VA squads are specifically first company members not wearing Terminator armour, so you can scratch them from anything but 1st company.


----------



## Crimson Shadow (Jan 15, 2009)

I'm not convinced that ONLY the first company is Veteran Assault squads. It does say that when not in Terminator armor the First company can be fielded as VA troops. If you'll notice, all tactical, scouts, assault, and devastator squads are lead by a veteran sergeant. This is in addition to the fact that all Honor Guards which accompany the Company Captain are entirely veteran troops. It seems to me that each company has to have a pool of Veteran Marines to fill the sergeant roles and honor guard roles. These could easily be extended to include Veteran Assault squads. Making the First Company the "best of the best" so to speak. Not saying it's so, but it makes sense to me.

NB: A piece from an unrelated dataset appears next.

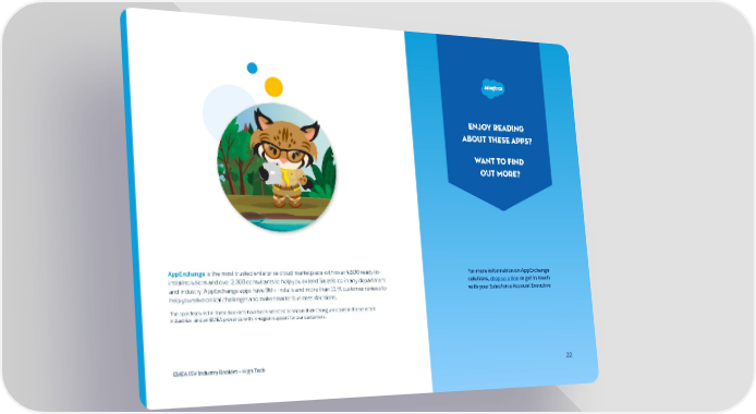 Enjoy reading about these apps? Want to find out more? AppExchange is the most trusted enterprise cloud marketplace with over 4,600 ready-to- For more information on AppExchange install solutions and over 2,000 consultants to help you extend Salesforce in any department solutions, drop us a line or get in touch and industry. AppExchange apps have 9M+ installs and more than 117K customer reviews to with your Salesforce Account Executive help you solve critical challenges and make smarter business decisions. The apps featured in these booklets have been selected based on their strong use cases in the selected industries, and an EMEA presence with in-region support for our customers. EMEA ISV Industry Booklet — High Tech 22

Although in rereading the codex, they do make a point of showing the Skull shoulder badge for Veteran Assault Squads.


----------



## Skye (Oct 22, 2008)

True enough, but I would say that Sgts. are just those that are close to being put into 1st company. Terminators are all 1st company, and when they take off thier armour they are Vet. Assault marines, but they are still first company. It actually states that much in the codex just below them on the bottom of the page. Also (as you said) they make a point of putting the skull marking next to their picture.
("their" being Vet. assault marines )


----------



## Crimson Shadow (Jan 15, 2009)

Maybe when we get a new Codex, fingers crossed for March of '10, our questions will be answered.


----------



## Skye (Oct 22, 2008)

I have heard from an ex-redshirt that it will most likely be released OCTOBER '10.


----------